= Aalto Works =

World Heritage Sites in Finland

Aalto Works is a series of 13 architectural sites across Finland designed by Alvar Aalto, Aino Aalto, and Elissa Aalto. Representing humanistic modernism, an approach focused on achieving harmony between buildings and the surrounding nature, the series was recognised as UNESCO World Heritage Site in July 2026 under criterion ii.
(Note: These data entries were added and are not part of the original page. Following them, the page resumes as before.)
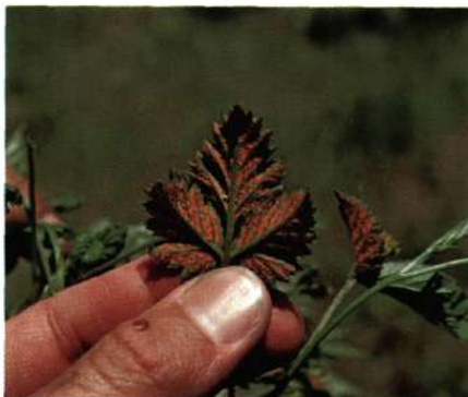
Figure 8. Orange rust pustules on back of Late Leaf Rust infected leaf.

Late leaf rust ( Pucciniastrum americanum ) causes disease in red raspberries, usually later in the season. Older (basal) leaves are covered with fine,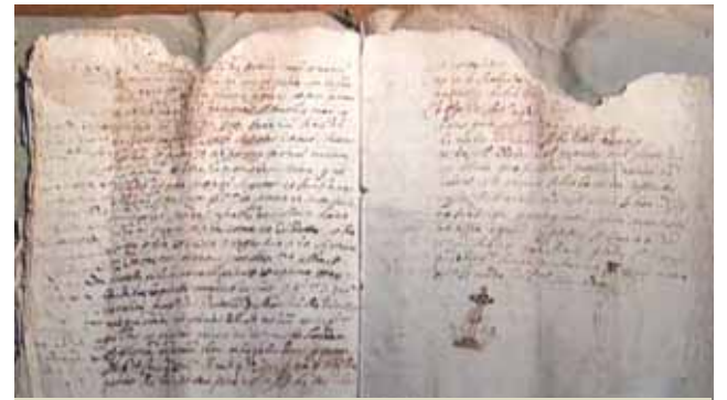
The document which records the sworn and written testimony of those witnesses who were present at the apparition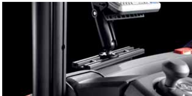
The optional E-bar is designed to carry ancillary equipment, offering standard interfaces and a built-in power supply

According to UNESCO, "the works express a human‑centred, site‑specific, and empathetic vision that distinguishes Finland’s contribution to modern architecture." Prior to this, only two series of buildings designed by individual architects had achieved World Heritage status.

== Sites ==
The following sites are part of Aalto Works World Heritage Site.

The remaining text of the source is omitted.